Читать книгу The Seminoles of Florida - Minnie Moore-Willson - Страница 7
EFFORTS AT INDIAN REMOVAL.
ОглавлениеThe Indians had set the American government at defiance. The slaves of Southern States continued to run away, taking refuge with the exiles and Seminoles; the slave-holders of Georgia became more clamorous than ever. The Spanish crown could not protect herself from the invasion of the Americans when in pursuit of runaway negroes. She had seen her own subjects massacred, her forts destroyed or captured, and her rights as a nation insulted by an American army. In 1819, by a combination of force and negotiation, Florida was purchased from Spain for $5,000,000.
Thus the Seminoles were brought under the dominion they so much dreaded. Slave-holders once more petitioned to the United States for aid in the capture of their escaped property. The United States, foiled in their treaty with the Creeks, now recognized the Seminoles as a distinct tribe, and invited their chiefs to meet our commissioners and negotiate a treaty. The Seminoles agreed in this treaty to take certain reservations assigned to them, the United States covenanting to take the Florida Indians under her care and to afford them protection against all persons whatsoever, and to restrain and prevent all white persons from hunting, settling or otherwise intruding upon said lands.
By this treaty all their cultivated lands were given up to the whites, and the Seminoles retired to the interior. Once more this long persecuted people found refuge, but it was only for a short time. The value of slaves in States North caused slave catchers with chains and bloodhounds to enter Florida. They seized the slaves of the Indians, stole their horses and cattle and depredated their property. With such a violation of the treaty, renewed hostilities were inevitable.
The Indians petitioned for redress, but received none. Affairs grew worse until 1828, when the idea of emigration for the Indians was submitted to the chiefs. After much persuasion, a few of the tribal leaders were induced to visit the Western country. They found the climate cold, and a land where “snow covers the ground, and frosts chill the bodies of men,” and on general principles, Arkansas a delusion and a snare. The chiefs had been told they might go and see for themselves, but they were not obliged to move unless they liked the land. In their speech to the Commissioner they said: “We are not willing to go. If our tongues say ‘yes,’ our hearts cry ‘no.’ You would send us among bad Indians, with whom we could never be at rest. Even our horses were stolen by the Pawnees, and we were obliged to carry our packs on our backs. We are not hungry for other lands; we are happy here. If we are torn from these forests our heartstrings will snap.” Notwithstanding the opposition to a treaty, by a system of coercion a part of the chiefs were induced to sign, and fifteen undoubted Seminole cross-marks were affixed to the paper.

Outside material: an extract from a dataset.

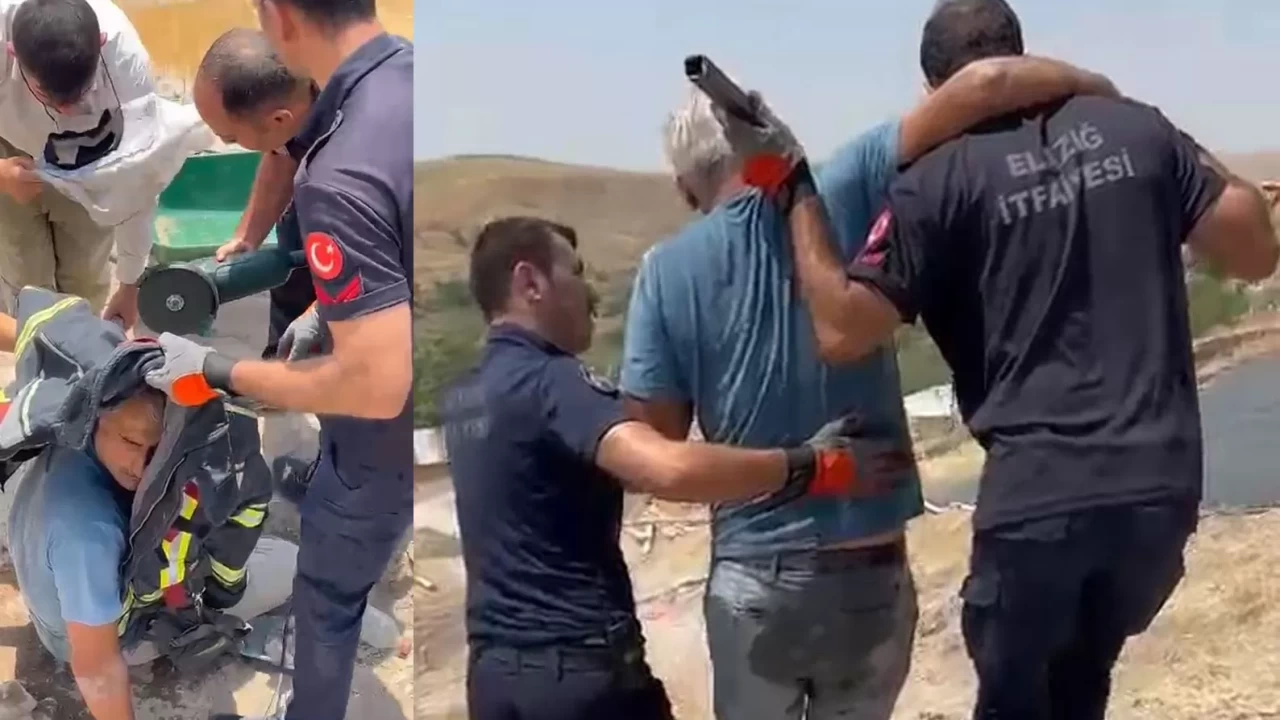Elazığ'da çıkan rüzgarda devrilen demir profillerden biri, bir vatandaşın kulağına saplandı. Saplanan demirin bir kısmı olay yerinde itfaiye ekipleri tarafından kesilirken geri kalanı ise hastanede çıkartıldı.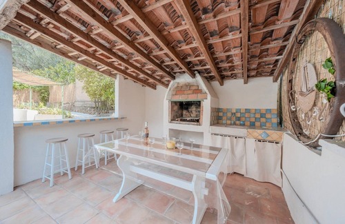 • Covered summer kitchen with barbecue, sink, bar with stools, and dining table.

This was not enough, according to Indian laws, to compel emigration. The stipulations read, “Prepare to emigrate West, and join the Creeks.” There was no agreement that their negroes should accompany them, and they refused to move. To expect a tribe which had lived at enmity with the Creeks since their separation in 1750 to emigrate and live with them was but to put weapons into their hands, and did not coincide with the ideas of the Seminoles.
The United States prepared to execute; not a redskin was ready, and troops were sent. The Indians began immediately to gather their crops, remove the squaws and pickaninnies to places of safety, secure war equipments—in short, prepare for battle.
It was a question of wonderment many times among the officers how the Indians procured their ammunition in such quantities, and how they kept from actual starvation. Hidden as they were in their strong fortresses—the fastnesses of the swamps—many believed that they would be starved out, and would either stand a fair field fight or sue for peace. An old Florida settler who carried his rifle through seven years of Indian warfare explains the mystery. He says: “The Indians had been gathering powder and lead for years, ever since the time Chief Neamathla made his treaty with General Jackson. Besides, Cuban fishing smacks were always bringing it in, and trading with the redskins for hides and furs. As for provisions, they had their ‘Koontie’ flour, the acorn of the live oak, which is fair eating when roasted, and the cabbage of the palmetto tree. For meat, the woods were full of it. Deer and bear were abundant, to say nothing of small game, such as wild turkey, turtle and squirrel.” The Seminoles at this time, 1834, owned, perhaps, two hundred slaves, their people had intermarried with the maroons, and in fighting for these allies they were fighting for blood and kin. To remove the Indians and not the negroes was a difficult thing to do. The Seminoles, now pressed by the United States troops, committed depredations upon the whites; bloody tragedies occurred, and the horrors of the second Seminole War were chronicled throughout the land.